Stored records
►
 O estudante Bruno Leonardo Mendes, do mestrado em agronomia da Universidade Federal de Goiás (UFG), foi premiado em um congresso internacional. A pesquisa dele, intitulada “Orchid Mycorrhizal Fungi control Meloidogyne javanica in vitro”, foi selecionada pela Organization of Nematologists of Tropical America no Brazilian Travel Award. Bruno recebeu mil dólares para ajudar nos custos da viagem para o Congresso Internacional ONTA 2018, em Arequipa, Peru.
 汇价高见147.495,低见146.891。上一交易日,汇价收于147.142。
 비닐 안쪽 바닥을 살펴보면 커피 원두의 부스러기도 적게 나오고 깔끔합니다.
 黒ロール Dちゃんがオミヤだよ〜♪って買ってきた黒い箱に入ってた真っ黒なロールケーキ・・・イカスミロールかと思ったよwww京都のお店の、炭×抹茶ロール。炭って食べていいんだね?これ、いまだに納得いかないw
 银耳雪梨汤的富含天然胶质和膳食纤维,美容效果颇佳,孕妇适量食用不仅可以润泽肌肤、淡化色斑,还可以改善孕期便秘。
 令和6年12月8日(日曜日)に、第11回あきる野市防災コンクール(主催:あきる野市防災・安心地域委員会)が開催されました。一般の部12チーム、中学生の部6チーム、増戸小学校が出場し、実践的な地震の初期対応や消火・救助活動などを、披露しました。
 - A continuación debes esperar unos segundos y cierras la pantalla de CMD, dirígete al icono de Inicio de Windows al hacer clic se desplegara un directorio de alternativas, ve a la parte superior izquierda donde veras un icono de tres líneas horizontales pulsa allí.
◄
Exercise: Nothing in the entries may change. Retype them all.

Solution below:
 O estudante Bruno Leonardo Mendes, do mestrado em agronomia da Universidade Federal de Goiás (UFG), foi premiado em um congresso internacional. A pesquisa dele, intitulada “Orchid Mycorrhizal Fungi control Meloidogyne javanica in vitro”, foi selecionada pela Organization of Nematologists of Tropical America no Brazilian Travel Award. Bruno recebeu mil dólares para ajudar nos custos da viagem para o Congresso Internacional ONTA 2018, em Arequipa, Peru.
 汇价高见147.495,低见146.891。上一交易日,汇价收于147.142。
 비닐 안쪽 바닥을 살펴보면 커피 원두의 부스러기도 적게 나오고 깔끔합니다.
 黒ロール Dちゃんがオミヤだよ〜♪って買ってきた黒い箱に入ってた真っ黒なロールケーキ・・・イカスミロールかと思ったよwww京都のお店の、炭×抹茶ロール。炭って食べていいんだね?これ、いまだに納得いかないw
 银耳雪梨汤的富含天然胶质和膳食纤维,美容效果颇佳,孕妇适量食用不仅可以润泽肌肤、淡化色斑,还可以改善孕期便秘。
 令和6年12月8日(日曜日)に、第11回あきる野市防災コンクール(主催:あきる野市防災・安心地域委員会)が開催されました。一般の部12チーム、中学生の部6チーム、増戸小学校が出場し、実践的な地震の初期対応や消火・救助活動などを、披露しました。
 - A continuación debes esperar unos segundos y cierras la pantalla de CMD, dirígete al icono de Inicio de Windows al hacer clic se desplegara un directorio de alternativas, ve a la parte superior izquierda donde veras un icono de tres líneas horizontales pulsa allí.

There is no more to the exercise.